[Records drawn from a dataset]
>>>>>
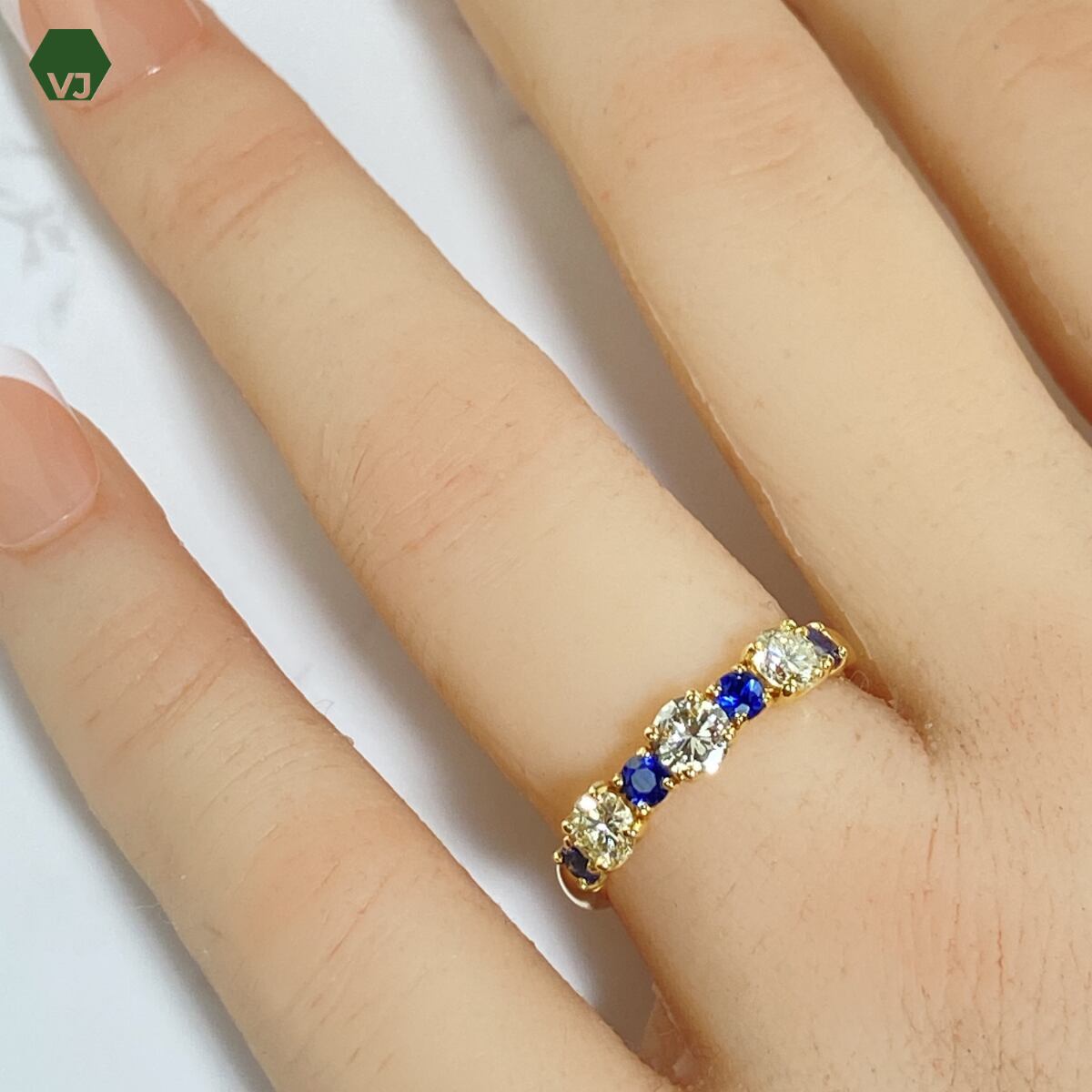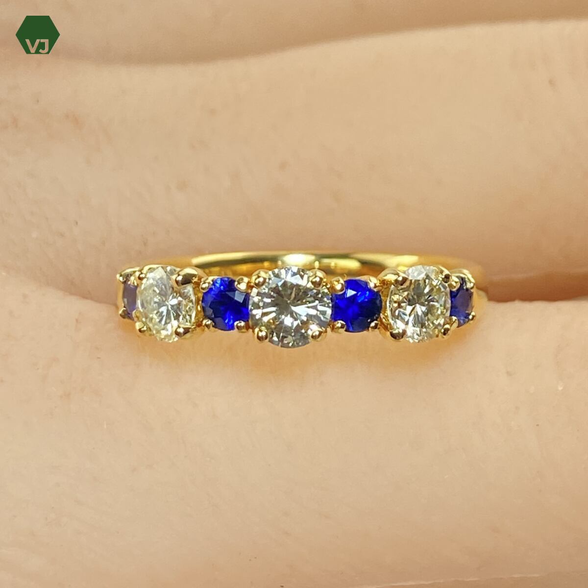 複数のサファイアとダイヤモンドを組み合わせた、華やかでバランスの良いデザインリングでございます。
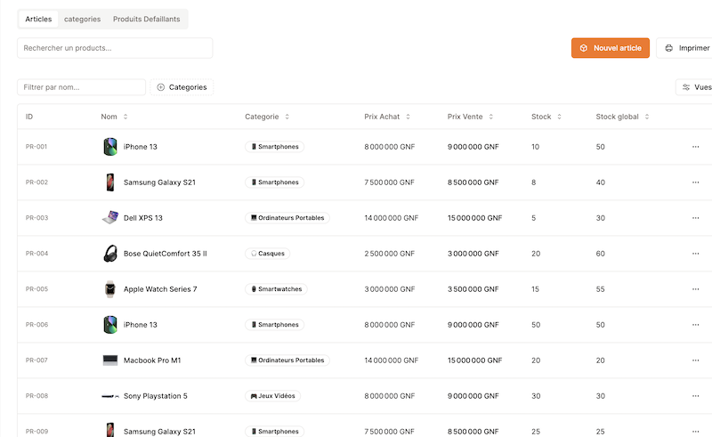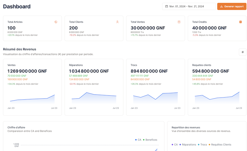 Meubles | 198.6M GNF | 180M GNF | 124 unités | +10.3% | +8.6% | +11.4% |
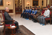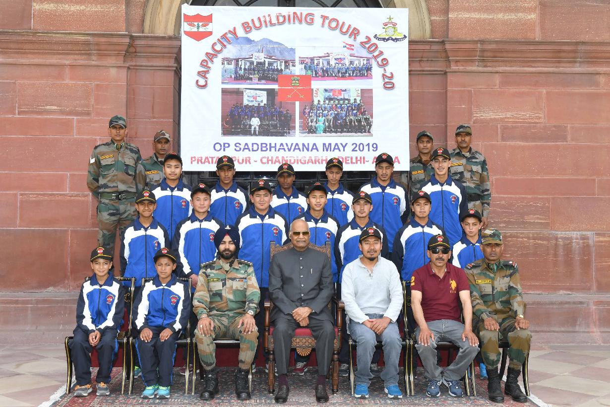| Caption: | The President of India, Shri Ram Nath Kovind meeting with the students and teachers from Nubra Valley, Leh, Jammu & Kashmir, attending Capacity Building Tour, at Rashtrapati Bhavan on May 17, 2019. |
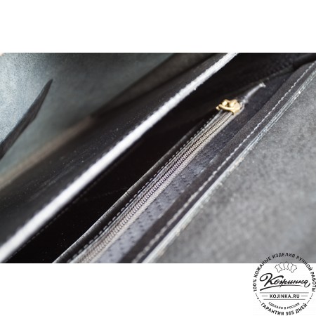 Внутри портфеля три отделения. Среднее из них закрывается на молнию.
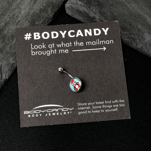 Get chill for the holidays with the sweet snowy penguin on this 14 gauge navel ring! It's made with a 7/16" durable 316L surgical grade stainless steel curved barbell with a 5mm top ball end. The bottom end features a penguin charm. The penguin is sporting a red Santa hat and matching scarf, and is chilling against a snowy background. You'll be ready to chill for the holidays too with this sweet and festive penguin belly piercing ring.
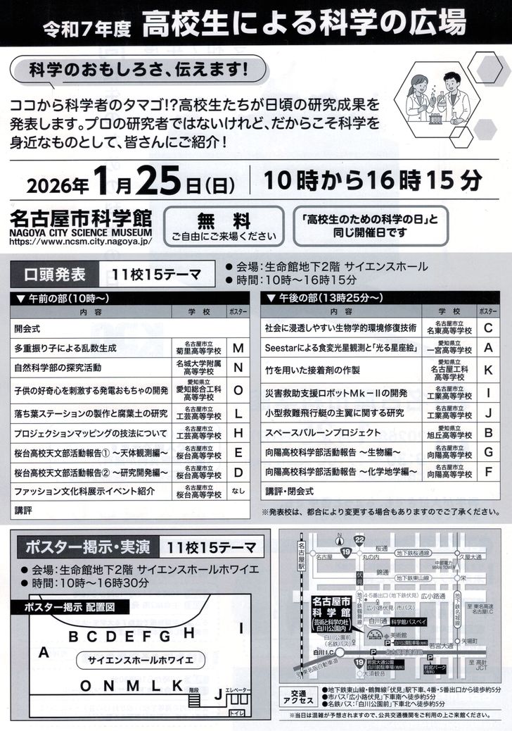 同日に、生命館地下2階のサイエンスホールで「令和7年度・高校生による科学のひろば」開催されています。高校生たちが日頃の研究成果を発表します。プロの研究者ではないけれど、だからこそ科学を身近なものとして紹介していますので、こちらも是非ご覧ください。
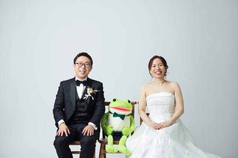ご新郎様がカエルが好きで、ご新婦様が蝶ネクタイをつけてくださいました!
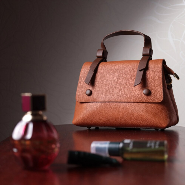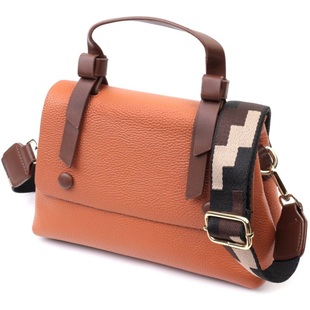 Ділова сумка для жінок у поєднанні двох кольорів рудого та коричневого з натуральної шкіри флотар, яка невибаглива у догляді та довго носиться. У виробі використано металеві ніжки на дні сумки для захисту дна від потертостей та механічних пошкоджень. Аксесуар складається з основного відділення, кишені відкритого типу та потайної кишені на блискавці всередині. Носити сумку можна в руці, на плечі і через плече, для цього є текстильний ремінь і шкіряна ручка. В аксесуарі використано якісну фурнітуру кольору жовтого золота. Універсальний варіант сумки під діловий стиль та на кожен день.
<<<<<
**BRIEF**
Transcribe, word for word, the stretch of lines in the data above from the one with "Meubles | 198.6M" through the one with "17, 2019. |"; omit all pictures.

**REPLY TO THE TASK**
 Meubles | 198.6M GNF | 180M GNF | 124 unités | +10.3% | +8.6% | +11.4% |
| Caption: | The President of India, Shri Ram Nath Kovind meeting with the students and teachers from Nubra Valley, Leh, Jammu & Kashmir, attending Capacity Building Tour, at Rashtrapati Bhavan on May 17, 2019. |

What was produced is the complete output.